The little man patted the painting under his arm. “No, I have what I came for,” he said, his voice like the crunch of gravel under a scoundrel’s shoes. “These are not my pictures.”
“They are my pictures,” said the woman.
“No. You may not go in there. Who will you say you are? Do you even know?”
“I don’t need to know. I have the veil.” She bent down now and ran a lace-gloved finger down the little man’s cheek. “Please, cher. There will be so many painters in there.”
Père Lessard found himself holding his breath, hoping she would raise her veil. There were a thousand pretty women on the walkway, but there was no intrigue in getting a glimpse of their faces. He needed to see her.
“Too many people,” said the little man. “Tall people. I don’t like people taller than me.”
“Everyone is taller than you, cher.”
“Yes, tall people can be annoying, monsieur,” said Lessard. He didn’t know why. It wasn’t like him to impose himself into other people’s conversations, even in his own bakery, but this woman... “Pardon me, but I overheard your conversation.”
The little man looked up and squinted against the bright spring sky; his eyes were set so far back under his brow that Lessard could only see the faintest highlight reflecting off them, like lanterns disappearing into a dark cavern. The woman turned to look at Lessard. Through the Spanish lace veil, the baker caught sight of a blue ribbon
tied at her throat and just the impression of white skin.
“You are tall, too,” said the little man.
“Are you a painter?” asked the woman, a smile in her voice. Père Lessard was caught off guard; he was neither tall, nor a painter, so he was going to excuse his rudeness and move on, but even as he shook his head and prepared to speak, the woman said, “Then we have no use for you. Do piss off, if you would be so kind.”
“I would,” said Lessard, turning on one heel as if he’d been ordered by an army captain to about-face. “I would be so kind,” he said.
“Lessard!” called a familiar voice out of the crowd. The baker looked up to see Camille Pissarro coming toward him. “Lessard, what are you doing here?”
Lessard shook Pissarro’s hand. “I’m here to see your paintings.”
“You can see my paintings anytime, my friend. We heard that Madame Lessard went into labor. Julie has gone up the butte to help.” Pissarro and his wife, Julie, lived with her mother in an apartment at the base of Montmartre. “You should go home.”

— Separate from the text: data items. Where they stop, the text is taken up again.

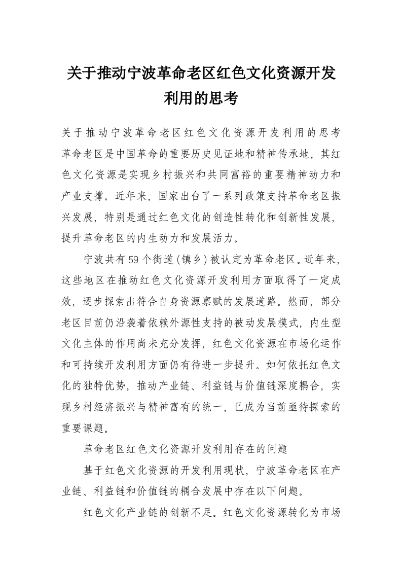 关于推动宁波革命老区红色文化资源开发利用的思考
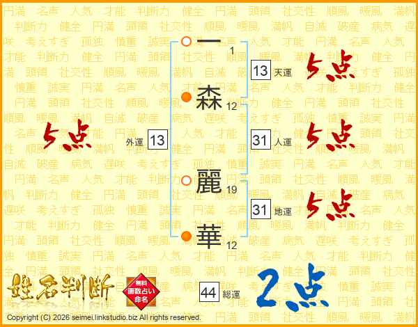 生活面を象徴する運勢です。外部から受ける影響力を表し、結婚運、家庭運や職場、環境への順応性を表します。総運から人運を引いた画数。姓や名が1文字の場合を除く。
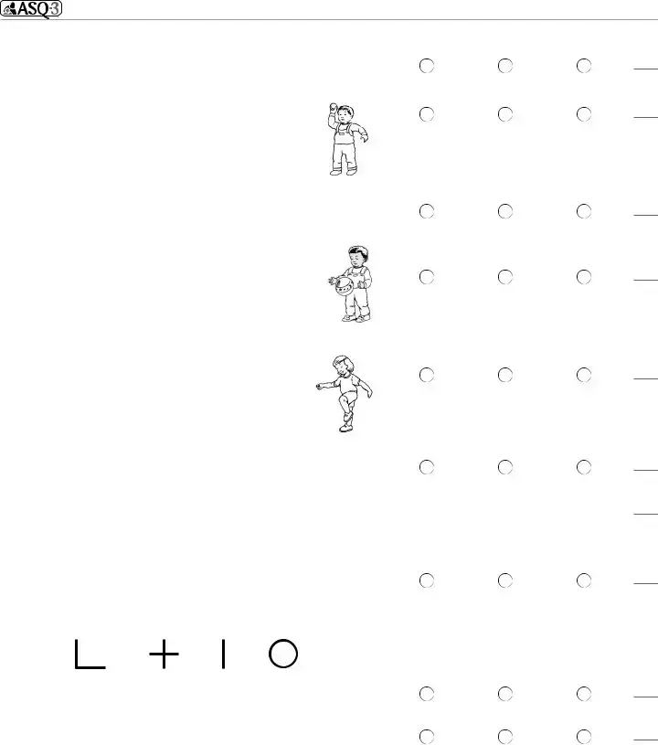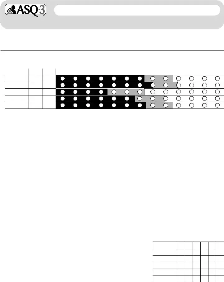 1.SCORE AND TRANSFER TOTALS TO CHART BELOW: See ASQ-3 User’s Guide for details, including how to adjust scores if item responses are missing. Score each item (YES = 10, SOMETIMES = 5, NOT YET = 0). Add item scores, and record each area total. In the chart below, transfer the total scores, and fill in the circles corresponding with the total scores.
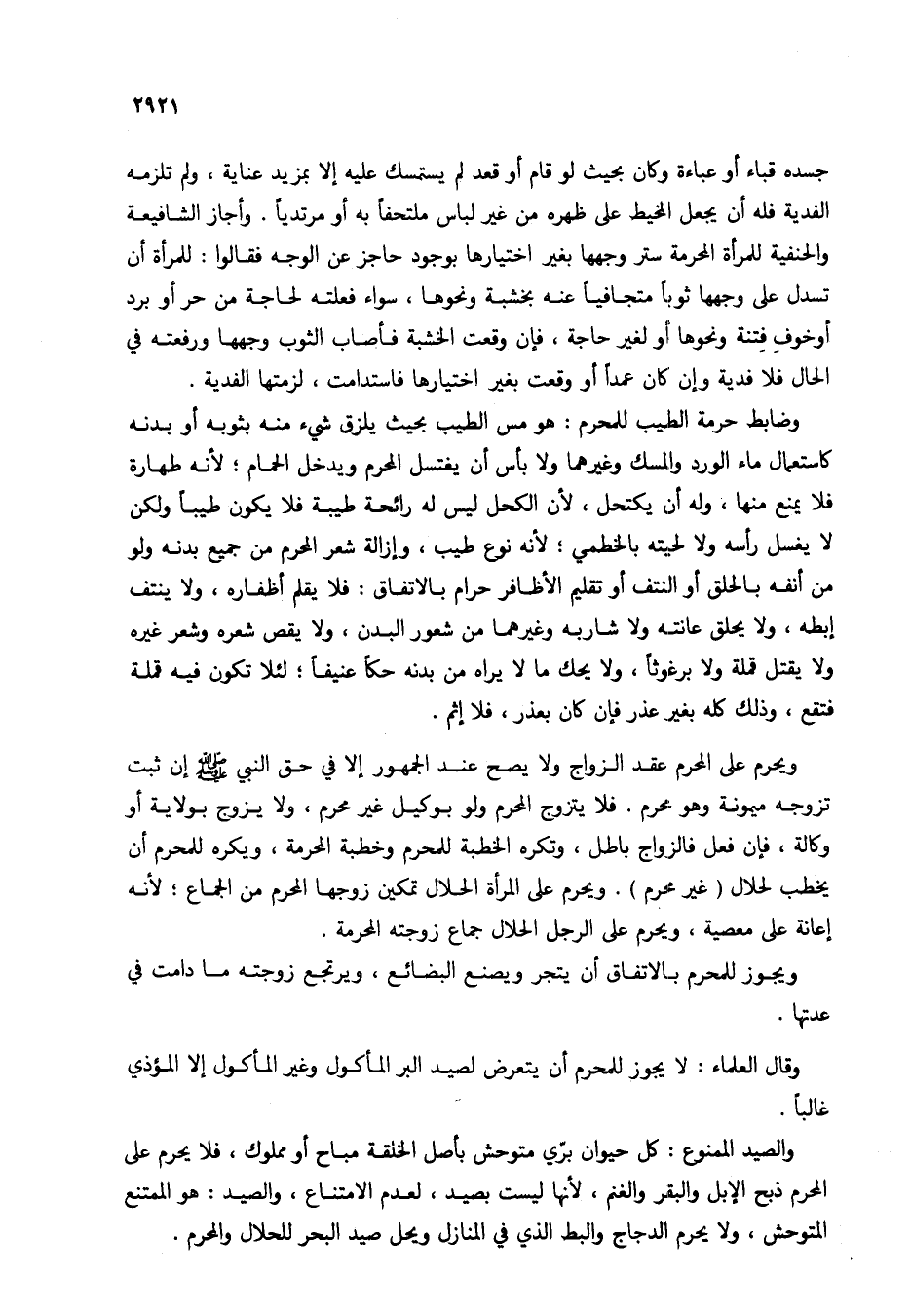 والصيد الممنوع: كل حيوان بري متوحش بأصل الخلقة مباح أو مملوك، فلا يحرم على المحرم ذبح الإبل والبقر والغنم، لأنها ليست بصيد، لعدم الامتناع، والصيد: هو الممتنع المتوحش، ولا يحرم الدجاج والبط الذي في المنازل ويحل صيد البحر للحلال والمحرم.
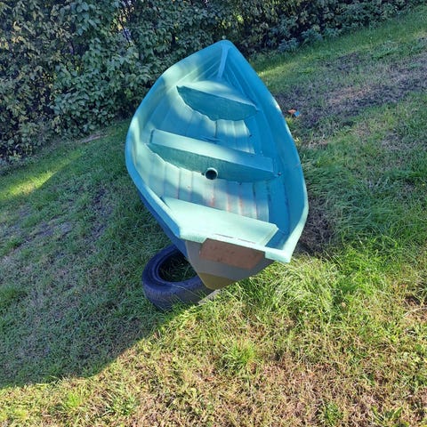 Kuvan puusta ja lasikuidusta valmistettu vene myydään eniten tarjoavalle. Veneessä on "pientä laittoa"
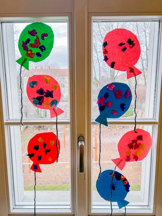 So haben die Kinder der Nilpferdgruppe aus Tonpapier bunte Clowns gebastelt. Die Leopardenkinder haben bunte Hüte und Luftballons gestaltet. In der Pinguingruppe wurde von den Kindern eine schöne bunte Tischdecke zum gemeinsamen Faschingsfrühstück hergestellt.

“No, I will just be in the way,” said Lessard.
Later, he would exclaim to Pissarro, “How was I to know she was going to give me a son? She was making the same daughter-birthing noises she made before—casting insults on my manly parts and so forth. I love my daughters, but two is double the number a man needs to break his heart. And then a third! Well, I thought it only courteous to give her time to discuss my downfall with her mother and sisters before I looked into her little-girl eyes for the first time and lost my heart again.”